Através desta comunicação, aponho a versão inicial das minhas reflexões sobre a

convergência dos textos literários de Murilo e o ensaio borgeano. Muito além dessas

primeiras anotações sobre o tema, almejo compreender o panorama que determinou

algumas características de parte bastante significativa da literatura brasileira na primeira

metade do século XX.

REFERENCIAS BIBLIOGRÁFICAS

ARRIGUCCI JR., “O Mágico Desencantado ou as Metamorfoses de Murilo”. In RUBIÃO,


Murilo. O Pirotécnico Zacarias. São Paulo: Ática, 1993, fls. 6-11.
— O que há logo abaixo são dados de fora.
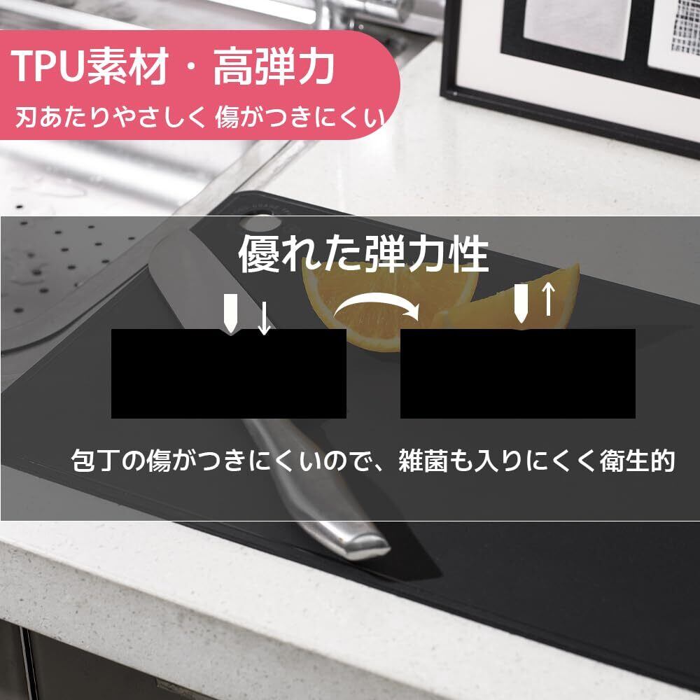 軽い力でスッと切れる|毎日の料理がラクに。TPU素材が包丁の刃をやさしく受け止め、刃が自然に食い込むため、力を入れなくても食材を最後まできれいにカット。手や手首が疲れにくく、毎日の家事をサポートします。

BAL, Mieke. Kulturanalyse (Análise Cultural). Frankfurt am Main: Suhrkamp, 2002.

BORGES, Jorge Luis. “El arte narrativo y la magia”. Barcelona: Emecé Editores, 1989.
Sete Noites. In: Obras Completas. São Paulo: Globo, 1999.
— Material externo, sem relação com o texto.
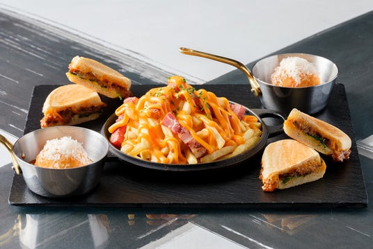 ニュージーランド産チェダーチーズソースと能登ポークベーコンのローディットポテト
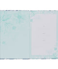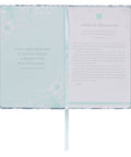 The prayer book features an elegant iron-gray faux leather cover decorated with white screen-printed flowers. The teal and gray-lettered sentiment is framed by a double bracket border and is presented in a multi-font design and accented with silver foil.

CHIAMPI, Irlemar. O Realismo Maravilhoso. São Paulo: Perspectiva, 1980.

FREUD, Sigmund. “O Estranho”. In: “História de Uma Neurose Infantil e Outros


Trabalhos”. In: Obras Completas de Sigmund Freud. Volume XVII (1917-1919). Rio de
Janeiro: Imago, 1969.

_____.“Das Unheimliche”. Edição alemã: Imago, G. W., Vol. 12, fls. 229-268.

KRISTEVA, Julia. Estrangeiros para nós mesmos. Tradução de Maria Carlota Carvalho
Gomes. Rio de Janeiro: Rocco, 1994. P. 192.

RUBIÃO, Murilo. O Pirotécnico Zacarias. São Paulo: Ática, 1993.


SANT’ANA, Sérgio. “Fogos do Além”. In: Suplemento Literário 71. Belo Horizonte:
Secretaria de Estado da Cultura de Minas Gerais, maio 2001, fls.16-23.

SCHWARTZ, Jorge. Murilo Rubião: A Poética do Uroboro. São Paulo: Ática, 1981.

TODOROV, Tzvetan. Introdução à Literatura Fantástica. São Paulo: Perspectiva, 1992.